About this task = Starting at the line holding "华境S整车长宽高分别达到了5" and finishing at the line holding "В комнате имее", transcribe the material exactly, keeping both ends but no pictures.

Available data =
----------

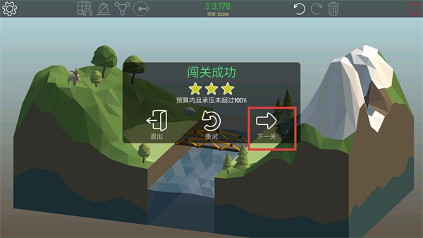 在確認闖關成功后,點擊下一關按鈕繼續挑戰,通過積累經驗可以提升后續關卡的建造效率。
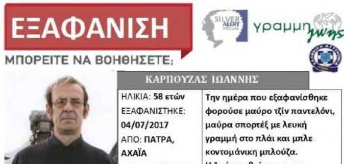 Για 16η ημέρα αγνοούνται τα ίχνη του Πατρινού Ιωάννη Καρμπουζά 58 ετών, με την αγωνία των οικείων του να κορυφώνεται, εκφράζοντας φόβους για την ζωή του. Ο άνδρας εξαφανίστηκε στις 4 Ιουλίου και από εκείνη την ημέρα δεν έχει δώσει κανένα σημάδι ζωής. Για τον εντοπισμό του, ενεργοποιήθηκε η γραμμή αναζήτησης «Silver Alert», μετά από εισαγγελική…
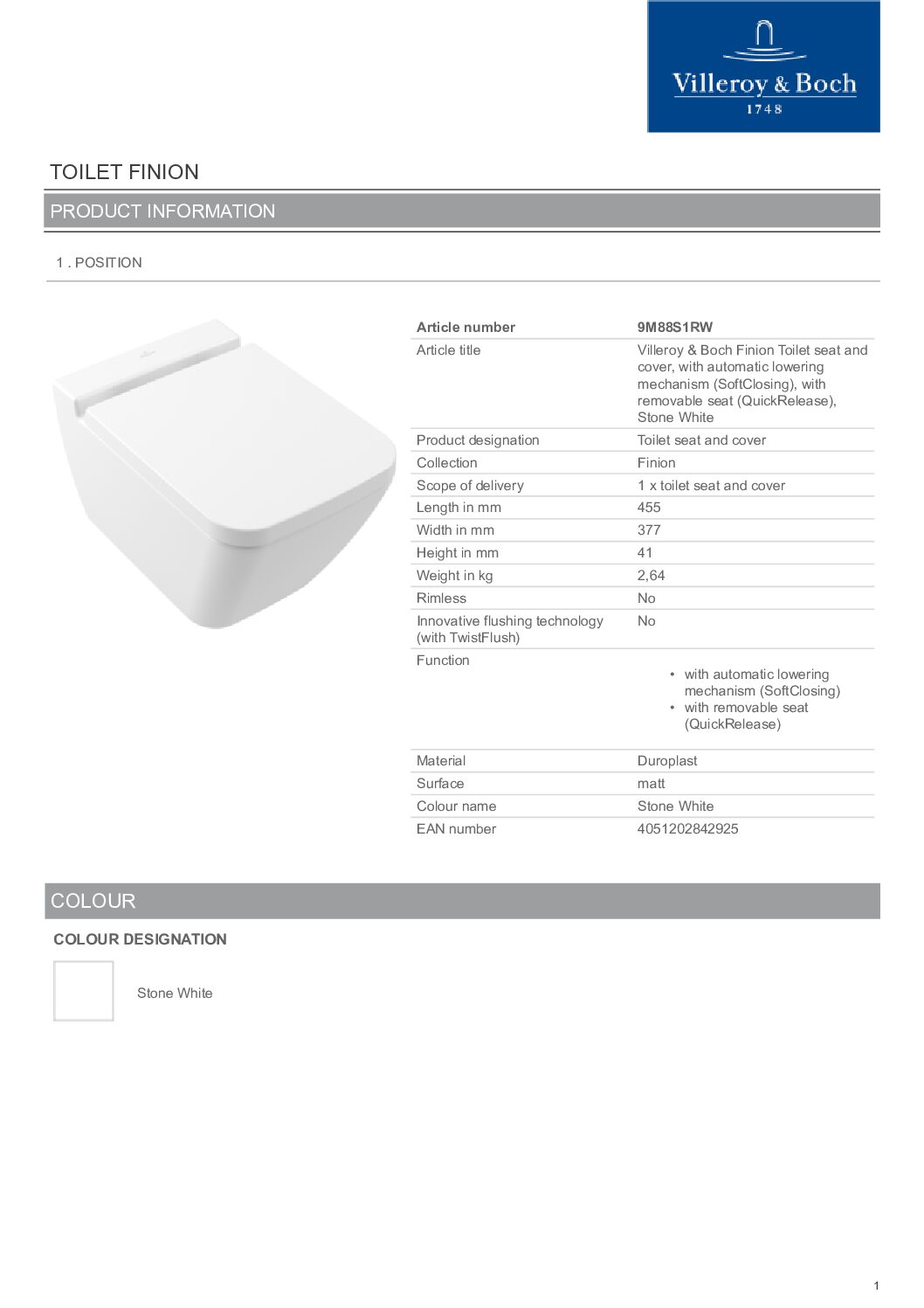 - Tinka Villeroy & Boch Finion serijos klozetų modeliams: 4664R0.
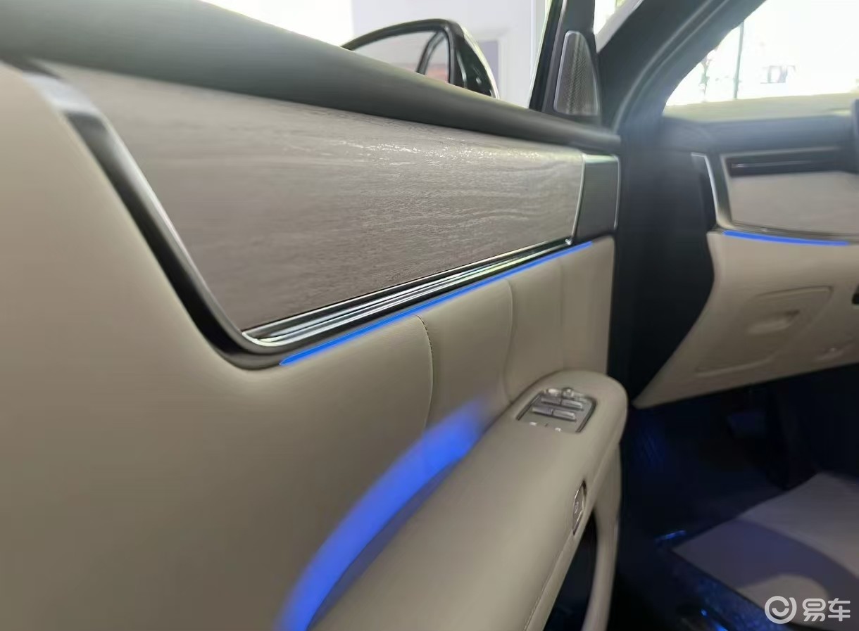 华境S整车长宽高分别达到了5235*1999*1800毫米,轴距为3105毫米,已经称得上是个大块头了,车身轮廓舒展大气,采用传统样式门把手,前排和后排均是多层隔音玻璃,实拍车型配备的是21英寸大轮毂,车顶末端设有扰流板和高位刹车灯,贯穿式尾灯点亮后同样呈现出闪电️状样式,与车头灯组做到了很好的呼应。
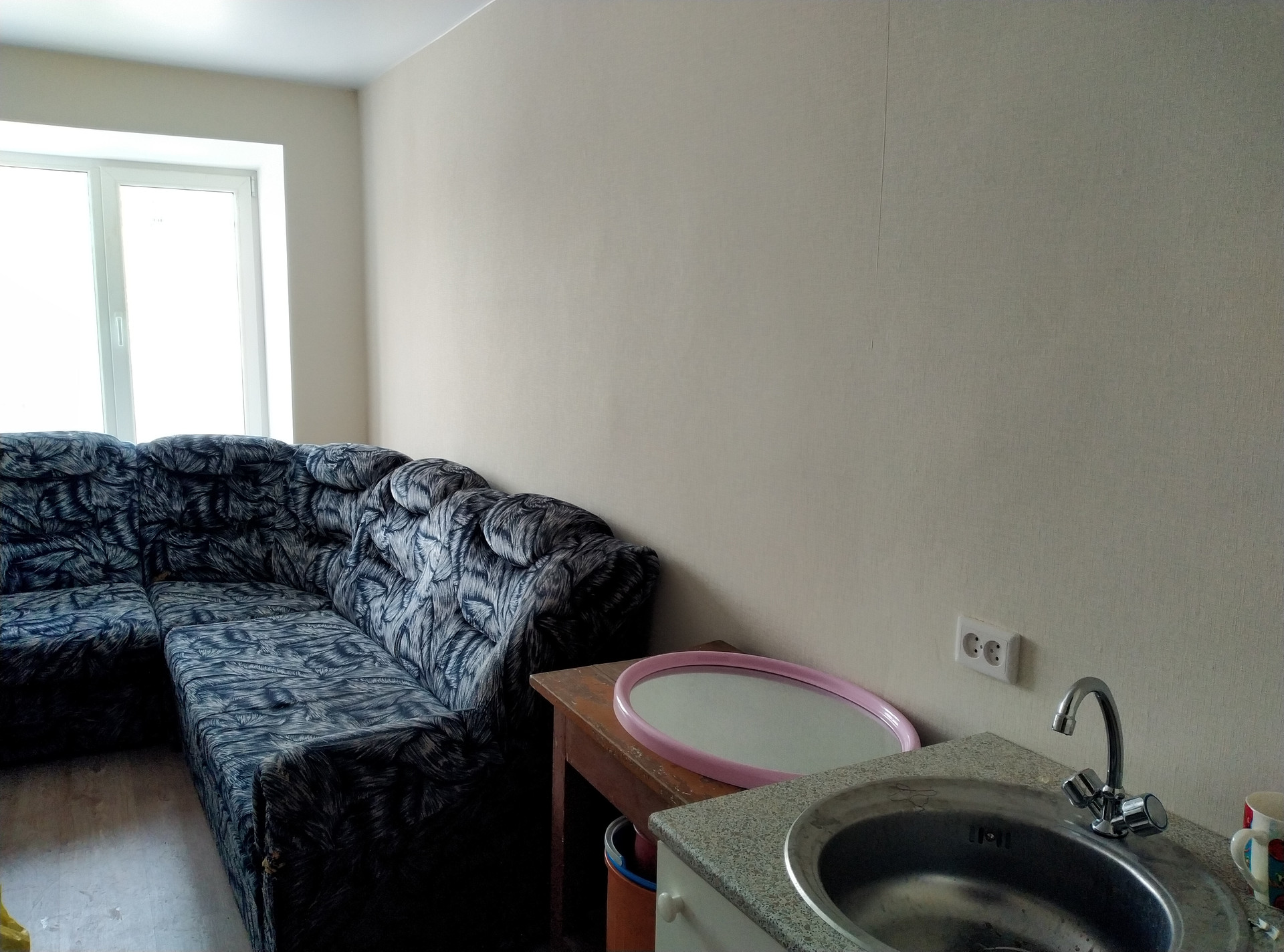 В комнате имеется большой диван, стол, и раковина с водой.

----------

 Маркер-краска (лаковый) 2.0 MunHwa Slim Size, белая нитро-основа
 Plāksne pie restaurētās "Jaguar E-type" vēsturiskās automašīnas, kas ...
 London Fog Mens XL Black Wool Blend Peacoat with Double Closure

----------

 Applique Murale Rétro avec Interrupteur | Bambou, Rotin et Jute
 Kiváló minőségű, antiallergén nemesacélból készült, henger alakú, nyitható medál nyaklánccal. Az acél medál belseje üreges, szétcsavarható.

----------

Exercise response =
 华境S整车长宽高分别达到了5235*1999*1800毫米,轴距为3105毫米,已经称得上是个大块头了,车身轮廓舒展大气,采用传统样式门把手,前排和后排均是多层隔音玻璃,实拍车型配备的是21英寸大轮毂,车顶末端设有扰流板和高位刹车灯,贯穿式尾灯点亮后同样呈现出闪电️状样式,与车头灯组做到了很好的呼应。
 В комнате имеется большой диван, стол, и раковина с водой.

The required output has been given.